The government will continue funding the Common Vulnerabilities and Exposures (CVE) program. In a statement to The Verge, US Cybersecurity and Infrastructure Agency (CISA) spokesperson Jared Auchey said it “executed the option period on the contract to ensure there will be no lapse in critical CVE services” last night.
On Tuesday, MITRE, the government-funded organization behind the CVE program, warned that its contract to continue managing the system was set to expire on April 16th.

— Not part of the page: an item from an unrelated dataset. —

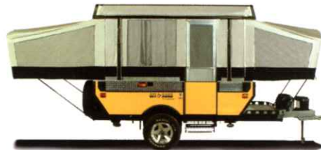
Mojave shown in "You Want a Piece of Me Yellow" exterior.
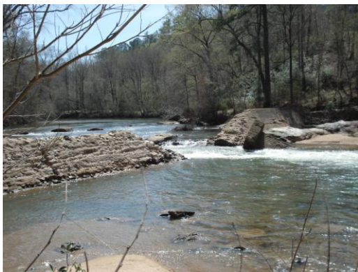
Old Power Plant Dam

CAMPSITE NUMBER: Hatchet Creek 3/R (Located ¼ mile downstream of Highway 231) COORDINATES: LAT/LONG N 32°56'46" W 086°12'29" UTM 3645595mN 574003mE 1:24000 QUAD SHEET Rockford, AL CAMPSITE NAME: Old Power Plant Dam Campsite ADDRESS: For information contact: Sally Holland Rt. 2 Box 114 Rockford, AL 35136 TELEPHONE: 256-377-4540 NOTE: The campsite is located on the right side of the creek just prior to the old dam site. Navigating through the break in the middle of the old dam can be hazardous. Inexperienced floaters should portage around the structure. MOTEL/CABINS CAMPING: No RV No TENT Yes, No charge WATER: No ELECTRICITY: No SHOWERS: No FIRE RING: Yes TOILETS: No FUEL: No SUPPLIES: No LAUNDRY: No DOCKS: No BOAT LAUNCH RAMP: No ACCESS FROM ROAD: No SHUTTLE SERVICES: No

The CVE program is used by major companies like Microsoft, Apple, Google, and Intel to identify and track cybersecurity vulnerabilities around the globe.
In response, CVE board members announced an initiative to make the program a nonprofit foundation, saying it will “focus solely on continuing the mission of delivering high-quality vulnerability identification and maintaining the integrity and availability of CVE data for defenders worldwide.”
Yosry Barsoum, MITRE’s vice president and director at the Center for Securing the Homeland, told The Verge that the organization was able to avoid a “break in service” after the government extended its contract. “As of Wednesday morning… CISA identified incremental funding to keep the Programs operational,” Barsoum said.
Though the CVE Foundation said it would share more details “over the coming days,” it’s not clear whether it will continue now that the government has renewed its contract with MITRE. CISA doesn’t say why it waited so long to extend its contract, but the last-minute renewal comes as DOGE continues to slash funding and cut jobs throughout the federal government.
”The CVE Program is invaluable to the cyber community and a priority of CISA,” Auchey said. “We appreciate our partners’ and stakeholders’ patience.”
Update, April 16th: Added a statement from MITRE.